“Generative AI and its possibilities”. (2/5). The technical foundations of generative AI are simple but very powerful. Human validation is essential for critical decisions. And for the company, it should only be used after data enrichment.
“It’s amazing. Honestly, it’s bluffing!”. Who hasn’t had that thought when trying out ChatGPT. And indeed, the word “bluffing” applies well to this Generative AI: it’s both very impressive and gives a slightly “inflated” impression of what can be done with it. This is not to condemn the technology, but to understand what we can expect from it.
Generative AI has taken up considerable space in the press in recent months, but it’s actually not all that new. French researcher Yann leCun, head of AI at Meta, declared some time ago that:
“In terms of underlying techniques, ChatGPT is not particularly innovative. There’s nothing revolutionary about it, even if that’s how it’s perceived by the public. It’s just that, you know, it’s well put together, it’s nicely done.” 
In fact, text (or image) generation is an evolution (or culmination?) of successive work on deep neural networks. Time Series processing had initiated efforts to take context into account when making a prediction. And in fact, technically, the basis of Generative AI is to propose a word (a token) from the preceding sequence.

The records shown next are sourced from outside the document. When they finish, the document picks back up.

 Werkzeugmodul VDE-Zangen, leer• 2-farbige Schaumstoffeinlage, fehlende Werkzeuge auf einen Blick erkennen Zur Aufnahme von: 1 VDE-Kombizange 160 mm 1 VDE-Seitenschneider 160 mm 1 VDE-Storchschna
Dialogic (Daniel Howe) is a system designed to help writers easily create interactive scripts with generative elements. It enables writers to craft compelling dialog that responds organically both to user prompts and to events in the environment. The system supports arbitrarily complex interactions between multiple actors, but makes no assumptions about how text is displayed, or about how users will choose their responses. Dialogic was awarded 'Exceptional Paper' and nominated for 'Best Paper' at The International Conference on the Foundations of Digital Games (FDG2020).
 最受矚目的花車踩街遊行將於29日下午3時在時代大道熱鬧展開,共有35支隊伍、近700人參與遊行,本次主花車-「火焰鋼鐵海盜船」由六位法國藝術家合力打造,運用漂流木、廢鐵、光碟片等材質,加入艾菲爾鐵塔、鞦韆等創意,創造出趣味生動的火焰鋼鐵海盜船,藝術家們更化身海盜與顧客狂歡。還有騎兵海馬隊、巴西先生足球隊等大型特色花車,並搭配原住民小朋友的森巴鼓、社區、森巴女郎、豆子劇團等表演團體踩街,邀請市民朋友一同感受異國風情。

Caricaturally, it’s like asking you what word follows in the sentence “Merry Christmas and Happy XXXX”. No doubt you’ve replaced the “XXXX” with “year”, because that’s usually the word that follows. So, obviously, for GPT (Generative Pre-Trained Transformers) models, we had to give many, many, many examples to arrive at the result we all know. But from a technical point of view, the aim is “simply” to find the word that is statistically the most probable in a sentence under construction, because the machine has no real understanding of it. In order to vary the answers, DeepLearning models include a “temperature” parameter to adjust the generation probabilities. Microsoft on its Azure OpenAI platform describes it as a parameter “to be used to control the apparent creativity of generated completions” .
Artificial Intelligence or Artificial Experience?

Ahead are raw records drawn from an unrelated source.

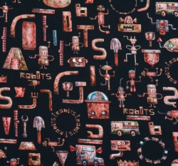 Úplet potisk roboti ze šrotu na černé, BIO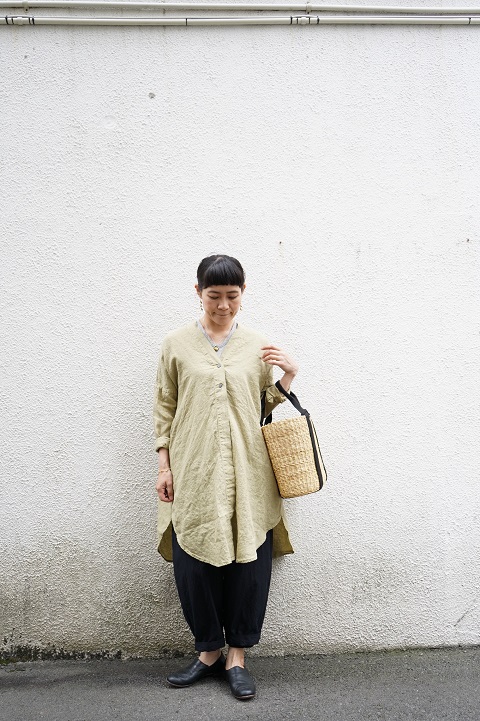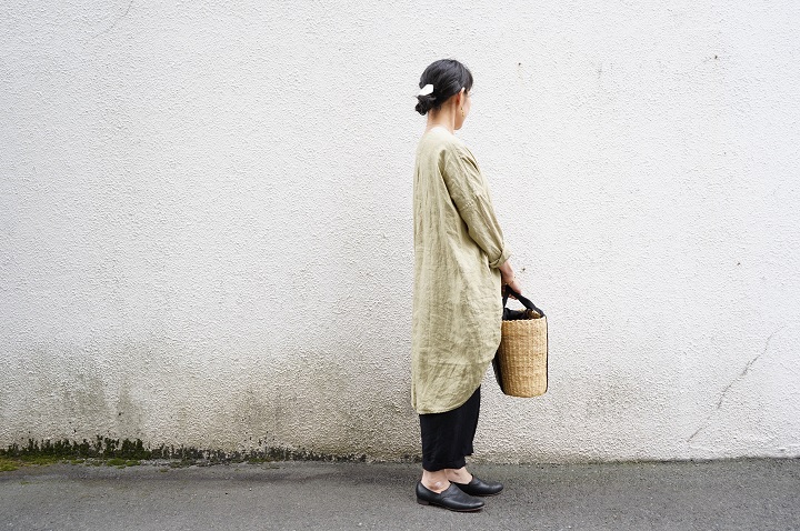 裾にボリュームのあるロングシャツを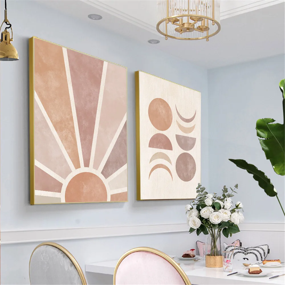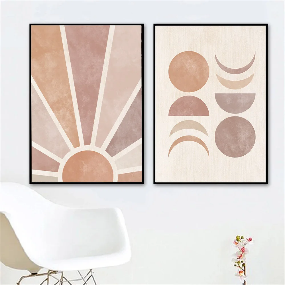 Настенный плакат в стиле бохо с изображением Солнца и Луны, абстрактная живопись на холсте, арка, геометрические художественные принты, Минималистичная картина, декор для гостиной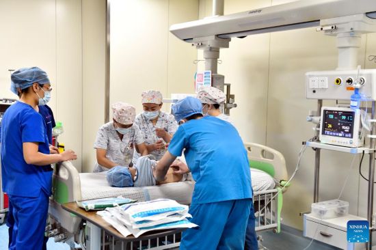 Medical workers prepare to inject Spinraza to a 4-year-old child diagnosed with spinal muscular atrophy (SMA) at a hospital in Zaozhuang, east China's Shandong Province, Jan. 1, 2022. China is striving to improve the diagnosis and treatment of rare diseases.

This leads us to question the role these new tools can play, and in an almost philosophical way, our own way of working and being.
Ever since work began on these subjects, the term “Artificial Intelligence” has been almost a false friend. We should probably be talking more about “Artificial Experience”, given that the mathematical principles that govern its existence presuppose that we subject it to a large number of cases. In the world of work, even more than elsewhere, it’s the fact of having encountered numerous cases that means a senior can react faster and better than a beginner: “That’s what you have to do, because that’s how, in this type of case, you come out on top”.

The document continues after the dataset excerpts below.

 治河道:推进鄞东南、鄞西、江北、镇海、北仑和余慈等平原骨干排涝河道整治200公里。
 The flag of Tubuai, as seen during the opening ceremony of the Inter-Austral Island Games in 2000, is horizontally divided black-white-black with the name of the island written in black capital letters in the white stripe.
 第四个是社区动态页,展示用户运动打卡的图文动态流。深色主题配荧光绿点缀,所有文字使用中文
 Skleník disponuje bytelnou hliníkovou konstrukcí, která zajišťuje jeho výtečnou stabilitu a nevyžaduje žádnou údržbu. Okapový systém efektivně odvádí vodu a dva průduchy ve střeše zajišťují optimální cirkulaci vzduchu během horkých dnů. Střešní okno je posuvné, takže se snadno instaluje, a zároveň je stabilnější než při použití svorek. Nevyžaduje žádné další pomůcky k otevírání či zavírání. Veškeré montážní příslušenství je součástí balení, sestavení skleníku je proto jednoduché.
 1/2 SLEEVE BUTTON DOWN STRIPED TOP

How many of us, after several years with a company, have developed veritable “libraries” of PowerPoint slides that we use and reuse to our heart’s content? Who doesn’t end up with “ready-made answers” to objections from a customer or colleague? That’s the “ready-to-think” that we sometimes denounce.
Can it be used in companies?
But within your company, are there any positions or missions that first and foremost require a good knowledge of the company, its processes and its documentation? Call centers come to mind, where answers are often scripted or require in-depth knowledge of contracts and their interpretation. FAQs or even the digital assistants so present on websites are good candidates to benefit from the contributions of generative AI. A model (Large Language Model) can be adapted to your company’s context, thanks to additional “training” based on an existing document base.
On the other hand, and fortunately, not all jobs meet these automation criteria. For example, if you’re looking for an idea to distinguish yourself from the competition… well – by design – you don’t have to do what you’re used to, like everyone else. In a pinch, you could rely on generative AI to give you an idea… of what not to do!
At the start of this article, we also mentioned the “statistical” nature of artificial intelligence. A ChatGPT-type robot will mechanically give an answer to any question put to it. Even a term that is unlikely for a human being… has a non-zero probability and is therefore acceptable to the machine. These are the famous “hallucinations” that the big groups are working against with massive human validation. One of the most striking examples is that of a lawyer who asked a robot about case law. The machine gave him exactly what he was hoping to find… until checks proved that it had all been made up! As the saying goes, “Facts die hard”. And that’s what’s needed for critical decisions. Would we accept being condemned on the basis of “habitual behavior”? Of course not! So should we make important decisions for our company without a solid business case? Neither should we. Here again, the machine can be seen as an aid, but we need to make sure that a proposal is explicable and therefore acceptable.
In this way, generative AI joins with great fanfare the tools that these techniques make available to us. The fruit of training on massive examples, the fact remains that the answers provided remain the application of statistical calculations. Admittedly, this is an excellent way of “typing” into a company’s knowledge base and thus assisting the roles that rely on it, but we mustn’t lose sight of the non-creative aspect, often difficult to justify, of the answers produced.
Depending on the level of task automation, however, this type of solution can prove a valuable ally once you have enriched a base model with your own data.